RECORDED INFORMATION Start Marker
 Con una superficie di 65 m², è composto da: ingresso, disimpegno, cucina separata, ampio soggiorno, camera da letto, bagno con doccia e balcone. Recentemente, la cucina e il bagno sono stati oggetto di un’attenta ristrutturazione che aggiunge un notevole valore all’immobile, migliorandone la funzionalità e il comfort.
RECORDED INFORMATION End Marker
RECORDED INFORMATION Start Marker
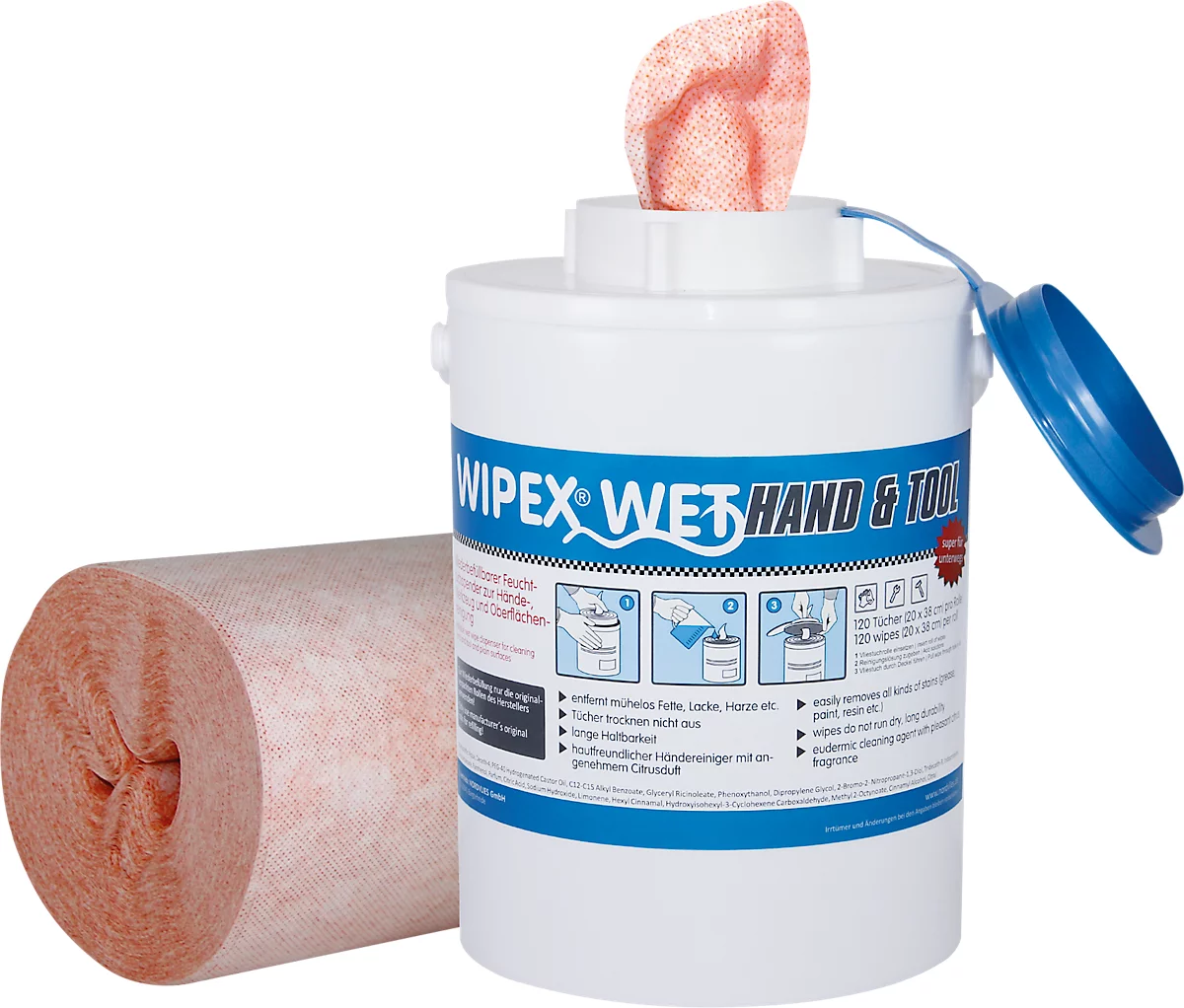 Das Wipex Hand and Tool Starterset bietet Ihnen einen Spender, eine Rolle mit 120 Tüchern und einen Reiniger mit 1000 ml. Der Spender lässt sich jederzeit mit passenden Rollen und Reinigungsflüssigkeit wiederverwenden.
RECORDED INFORMATION End Marker
RECORDED INFORMATION Start Marker
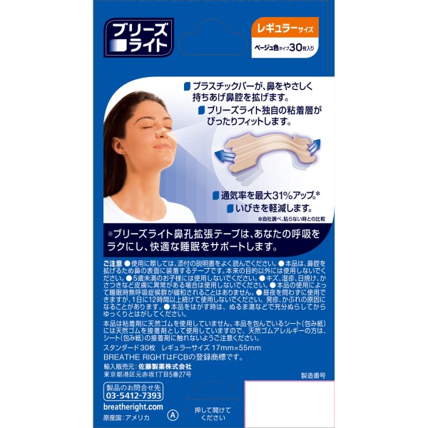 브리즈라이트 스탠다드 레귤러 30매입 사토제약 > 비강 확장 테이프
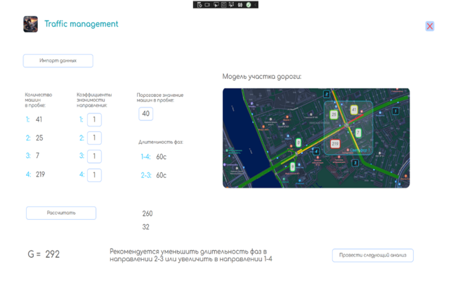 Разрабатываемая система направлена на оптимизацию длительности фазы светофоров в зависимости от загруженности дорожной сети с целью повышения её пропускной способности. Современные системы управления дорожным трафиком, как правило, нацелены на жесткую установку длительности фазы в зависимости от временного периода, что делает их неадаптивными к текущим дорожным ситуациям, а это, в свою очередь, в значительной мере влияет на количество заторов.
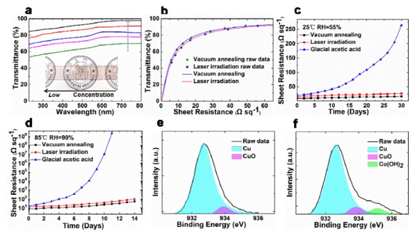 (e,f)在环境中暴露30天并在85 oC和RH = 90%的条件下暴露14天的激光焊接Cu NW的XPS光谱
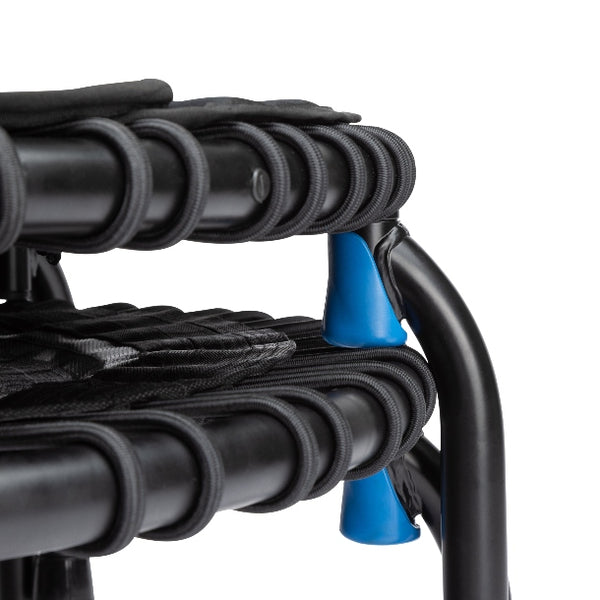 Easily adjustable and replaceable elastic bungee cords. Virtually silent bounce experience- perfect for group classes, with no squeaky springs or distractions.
RECORDED INFORMATION End Marker
WHAT TO PRODUCE - Reproduce the records above exactly, but only from the line with "브리즈라이트 스탠다드 레귤러 30매입 사토제약 > 비강 확장 테이프" up to and including the line with "(e,f)在环境中暴露30天并在85 oC和RH = 90%的条件下暴露14天的激光焊接Cu". Leave the pictures out.

RESPONSE -
 브리즈라이트 스탠다드 레귤러 30매입 사토제약 > 비강 확장 테이프
 Разрабатываемая система направлена на оптимизацию длительности фазы светофоров в зависимости от загруженности дорожной сети с целью повышения её пропускной способности. Современные системы управления дорожным трафиком, как правило, нацелены на жесткую установку длительности фазы в зависимости от временного периода, что делает их неадаптивными к текущим дорожным ситуациям, а это, в свою очередь, в значительной мере влияет на количество заторов.
 (e,f)在环境中暴露30天并在85 oC和RH = 90%的条件下暴露14天的激光焊接Cu NW的XPS光谱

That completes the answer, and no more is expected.